Does the description disclose side effects, auth requirements, rate limits, or destructive behavior?

With no annotations provided, the description carries the full burden. It discloses the filter behavior and return format (structured JSON with specific fields), which is valuable. However, it doesn't mention authentication needs, rate limits, error conditions, or whether this is a read-only operation (though 'List' implies safe read). More behavioral context would improve this for a tool with zero annotation coverage.

Agents need to know what a tool does to the world before calling it. Descriptions should go beyond structured annotations to explain consequences.

Conciseness5/5

Is the description appropriately sized, front-loaded, and free of redundancy?

The description is efficiently structured in two sentences: the first states the action and filter, the second details the return format. Every element earns its place—no redundant information, well front-loaded with the core purpose. It's appropriately sized for a no-parameter listing tool.

Shorter descriptions cost fewer tokens and are easier for agents to parse. Every sentence should earn its place.

Completeness4/5

Given the tool's complexity, does the description cover enough for an agent to succeed on first attempt?

Given the tool's complexity (simple listing with predefined filter), zero parameters, no annotations, and no output schema, the description provides good completeness. It explains the filter logic and return data structure, which compensates for the lack of output schema. However, for a tool with no annotations, adding brief safety/authentication context would make it fully complete.

Complex tools with many parameters or behaviors need more documentation. Simple tools need less. This dimension scales expectations accordingly.

Parameters4/5

Does the description clarify parameter syntax, constraints, interactions, or defaults beyond what the schema provides?

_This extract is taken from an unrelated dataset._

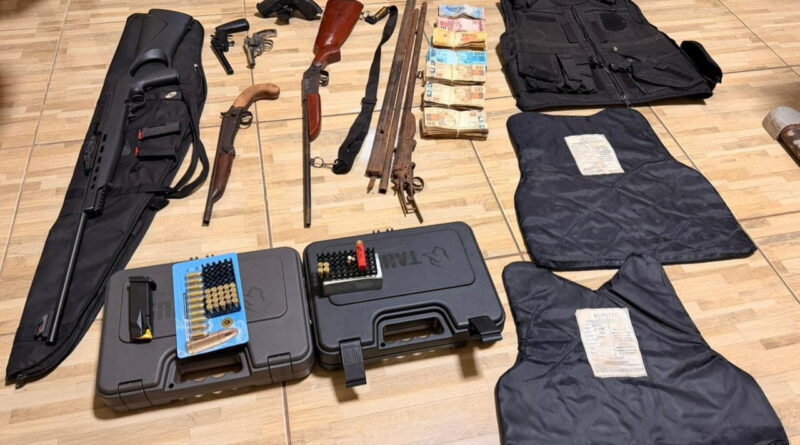 Diante da situação de flagrante e da informação de que o agressor possuía armamento na residência, os policiais deslocaram-se até o imóvel, na rodovia BR-376. No local, foram apreendidos uma pistola calibre .38 TPC, um revólver calibre .22, duas garruchas, uma carabina calibre .22 e uma carabina artesanal. Também foram localizados um colete balístico, carregadores e diversas munições de calibres variados (9mm, .38 TPC, .22 e .32).

The input schema has 0 parameters with 100% coverage, so the schema already fully documents the lack of parameters. The description appropriately doesn't add parameter information beyond what's in the schema, maintaining focus on the tool's purpose and behavior. For zero-parameter tools, a baseline of 4 is appropriate when the description doesn't incorrectly suggest parameters.

Input schemas describe structure but not intent. Descriptions should explain non-obvious parameter relationships and valid value ranges.

Purpose5/5

Does the description clearly state what the tool does and how it differs from similar tools?

The description clearly states the specific action ('List all next actions from Todoist') and resource ('next actions'), with precise filtering criteria ('(##Next actions | ##Brian acknowledged) & !subtask filter'). It distinguishes from siblings by focusing on a specific GTD workflow subset, unlike general task listing tools like 'get_tasks_due_this_week' or 'search_tasks'.

Agents choose between tools based on descriptions. A clear purpose with a specific verb and resource helps agents select the right tool.

Usage Guidelines4/5

Does the description explain when to use this tool, when not to, or what alternatives exist?

The description implies usage context through the specific filter criteria, suggesting this tool is for retrieving GTD-style next actions (excluding subtasks). However, it doesn't explicitly state when to use this versus alternatives like 'get_waiting_tasks' or 'list_brian_time_sensitive_tasks', nor does it provide exclusion guidance for other sibling tools.

Agents often have multiple tools that could apply. Explicit usage guidance like "use X instead of Y when Z" prevents misuse.